** PROBLEM TO WORK ON **
In the material below, find the line with "Sunflower with Antique" and the line with "La tavoletta scrittoio". Output exactly those two lines and all lines between them, leaving out pictures.

** DATA BELOW **
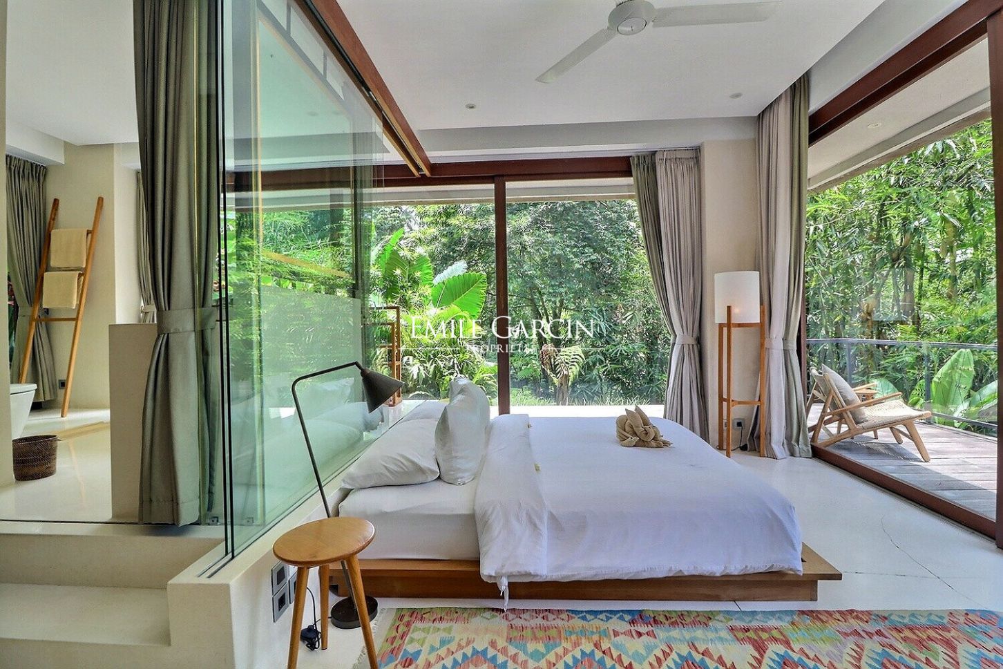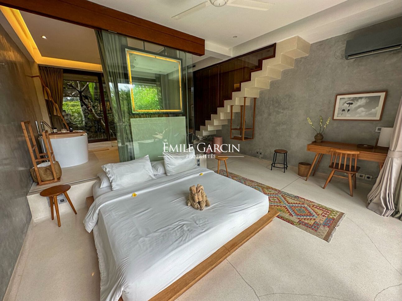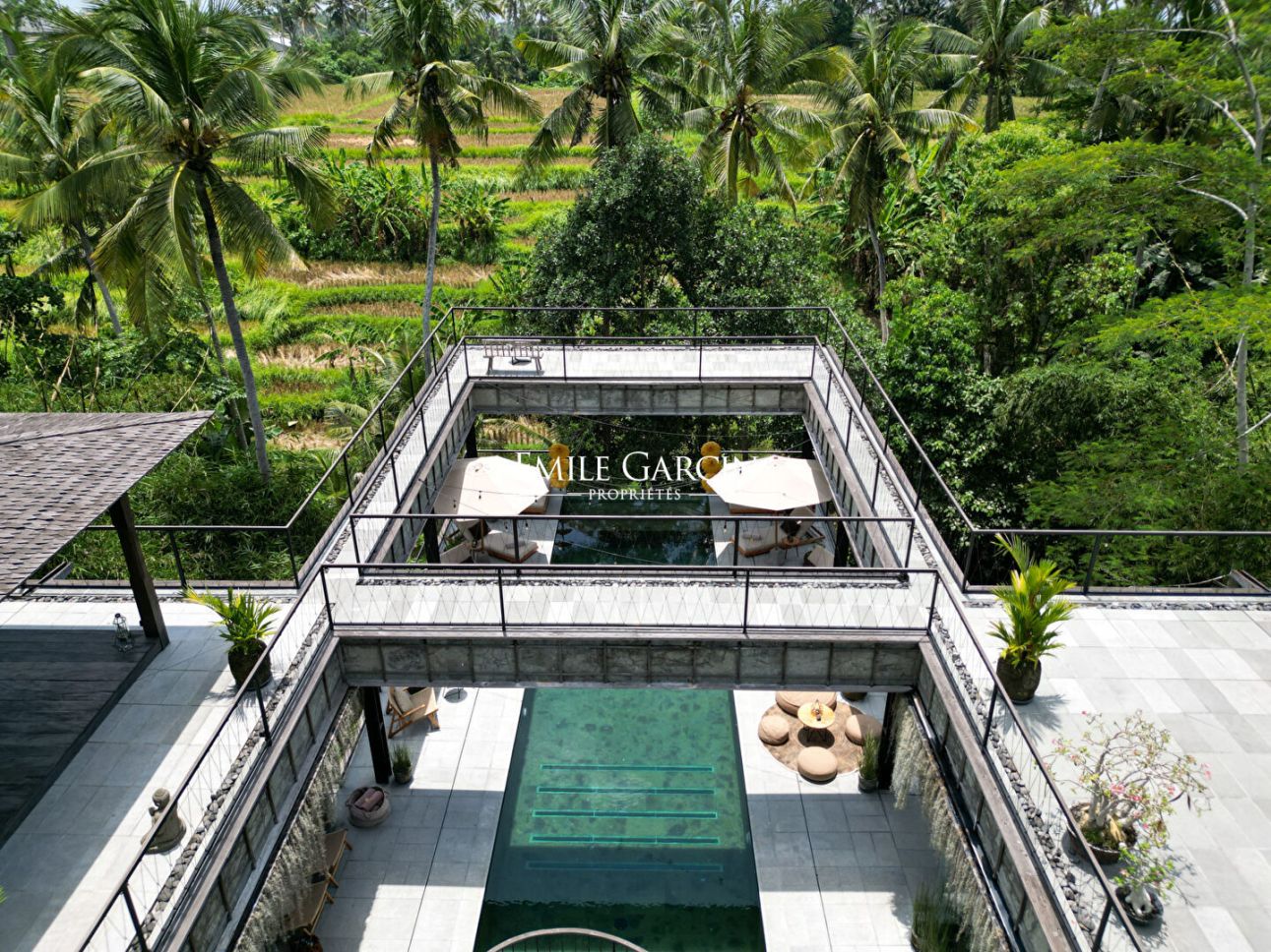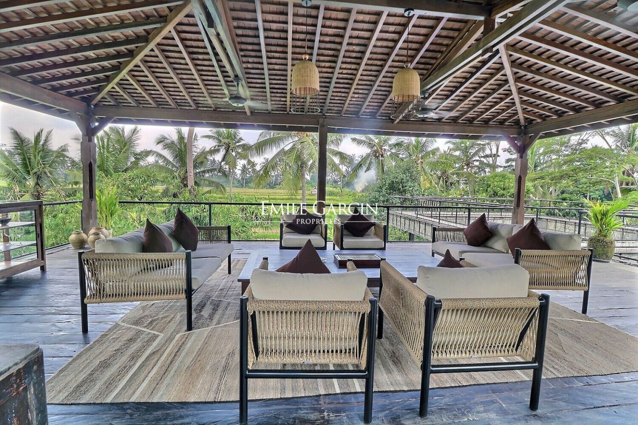 Nous vous proposons de vous plonger dans la jungle de Bali avec ce véritable sanctuaire de 5 chambres. Niché le long d'une rivière et entouré des rizières emblématiques de l'île, c'est un havre de paix et d'apaisement.
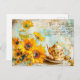Sunflower with Antique Coffee Pot and Fantasy text Vykort
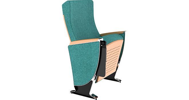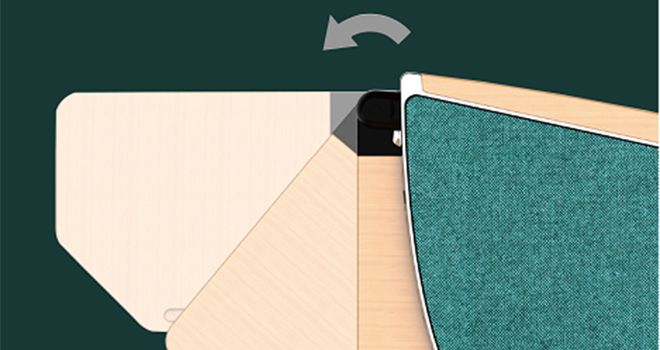La tavoletta scrittoio integrata in alluminio può ruotare di 90° e affondare nel bracciolo, risparmiando spazio.
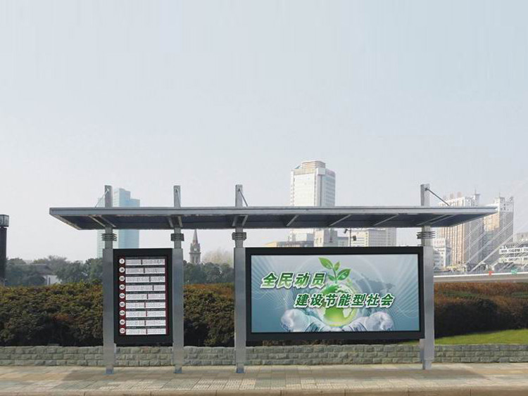 公交車候車亭一般是與公交站牌相配套的,為方便公交乘客候車時遮陽、防雨等,在車站、道路兩旁或綠化帶的港灣式公交停靠站上建設的交通設施。由于城市公交的日益發達,候車亭已發展成為城市一個不可或缺的重要組成部分,設計精美的候車亭也成為了城市一道美麗的風景。 一般候車亭棚體主要頂棚、立柱、頂弓、廣告燈箱和坐凳組成,也有用隔板來代替廣告燈箱的。

** TASK RESPONSE **
Sunflower with Antique Coffee Pot and Fantasy text Vykort
La tavoletta scrittoio integrata in alluminio può ruotare di 90° e affondare nel bracciolo, risparmiando spazio.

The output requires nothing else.